The Office of Legal Counsel issues opinions that are supposed to bind the executive branch. The Trump administration has taken steps and made claims in tension with several of them.
The Trump administration has taken steps and made claims that clash with legal opinions issued by a traditionally powerful agency that is part of the Justice Department, the Office of Legal Counsel.
The office has typically had an influential role in shaping internal government legal deliberations, and its court-like opinions are supposed to bind the executive branch unless the attorney general or the president overrides them or the office itself revokes them.
The disregard for its precedents is part of a broader pattern in which the clout and influence of the agency have eroded in the opening months of the administration.
Here are some examples that show that disconnect.
Spending
What the Trump administration has done
The Trump administration has frozen large amounts of spending authorized by Congress. It has justified those blocks with shifting legal rationales in court. But both President Trump and his White House budget chief, Russell T. Vought, have said that they believe the president has constitutional authority to refuse to spend taxpayer money that Congress appropriated for things the president does not like. That tactic is called impoundment, and Mr. Trump and Mr. Vought have said that they intend to re-establish that power despite a 1974 law that largely banned it.

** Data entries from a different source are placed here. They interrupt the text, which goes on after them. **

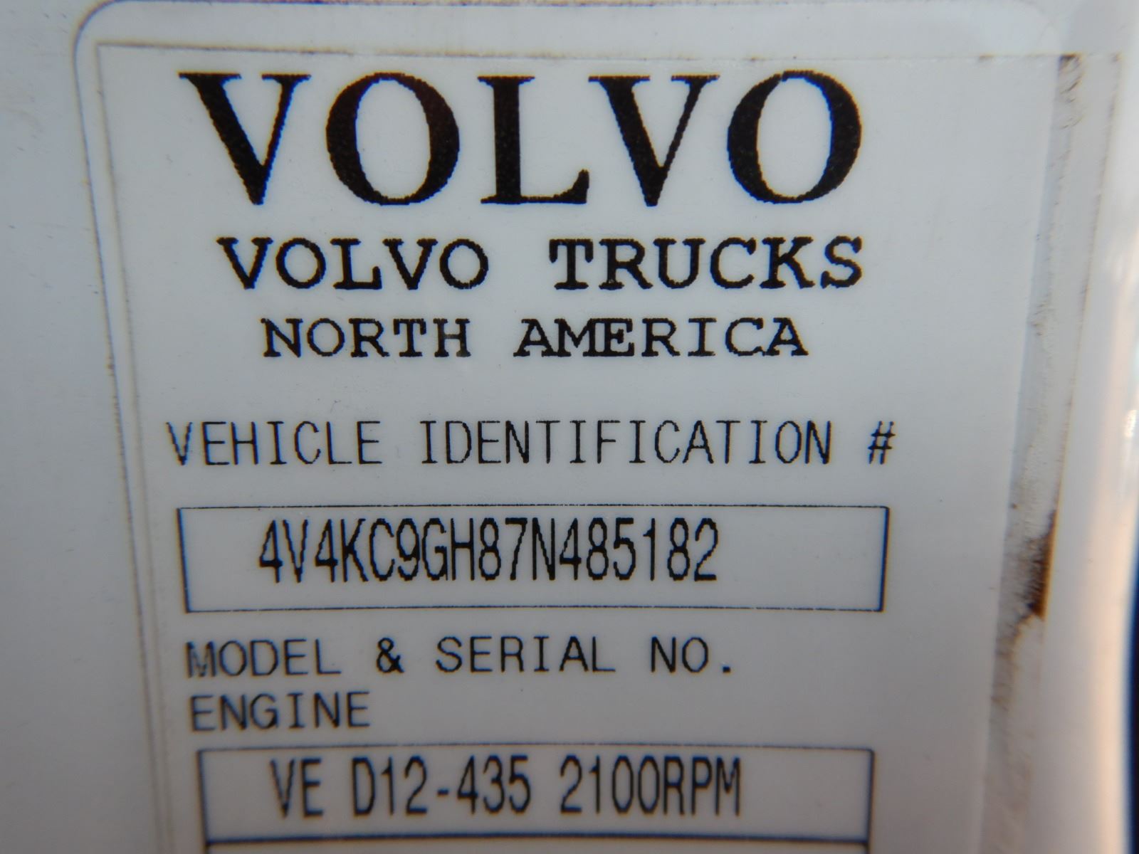 2007 VOLVO VHD64F TRUCK TRACTOR, VIN/SN:4V4KC9GH87N485182 - T/A, 435HP VOLVO D12 ENGINE, 10 SPEED TR
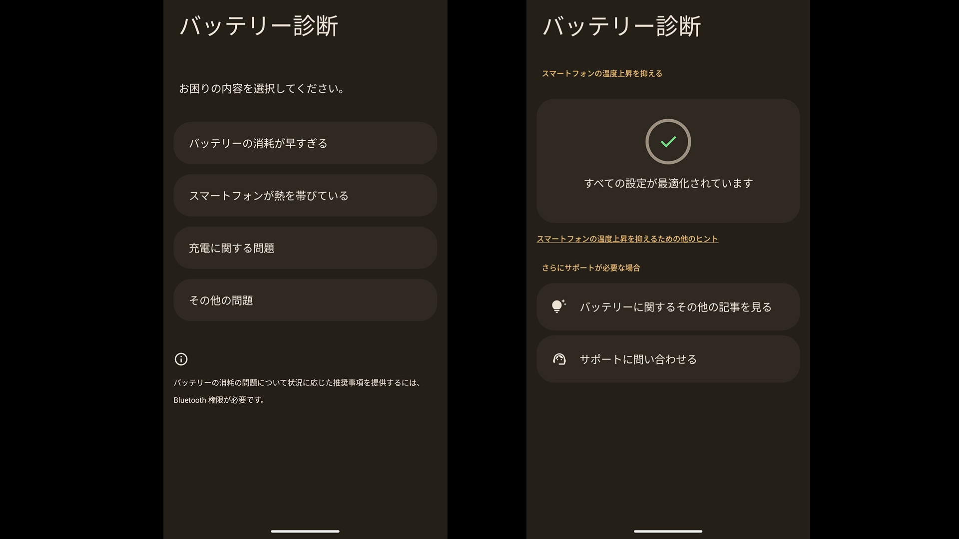 また確認方法として設定/バッテリー/バッテリー診断とタップすることでバッテリーの状態を確認することができます。ちなみに海外サイトによるとデバイス温度に関するメッセージは以下のようになります。
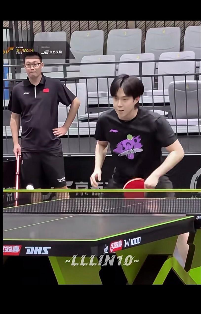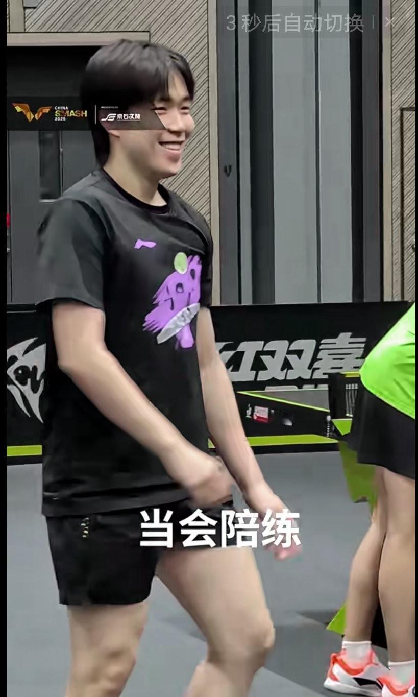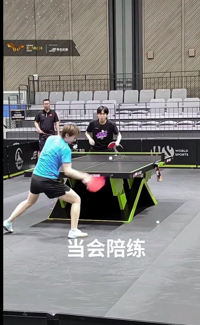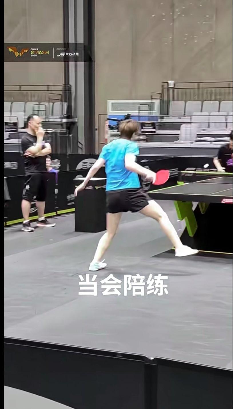 鳗鱼,前几天有一场打印度的巴库拉,印度这个是颗粒特殊打法,头头就用颗粒拍子模仿巴库拉陪练鳗鱼!王曼玉和大头一起训练、孙奇体能教练在旁边给她们捡球。
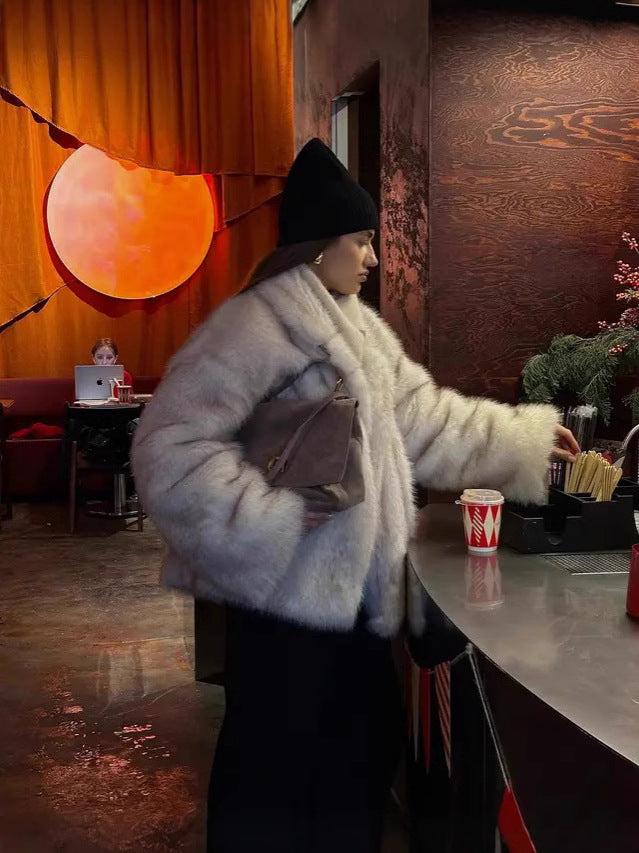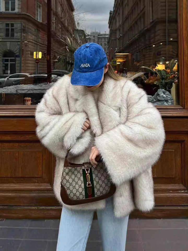 Detay: Yoğun kürk dokusu, ekstra hacimli kollar

What the Office of Legal Counsel has said
An opinion from 1969, written by William H. Rehnquist before he became chief justice, says the “existence of such a broad power is supported by neither reason nor precedent.” The office reinforced that conclusion in a 1988 opinion that says “the weight of authority is against such a broad power in the face of an express congressional directive to spend.”
Birthright Citizenship
What the Trump administration has done
Mr. Trump signed an executive order declaring that babies born on domestic soil to undocumented parents are no longer eligible for birthright citizenship and instructing government agencies not to issue them citizenship-affirming documents like Social Security cards.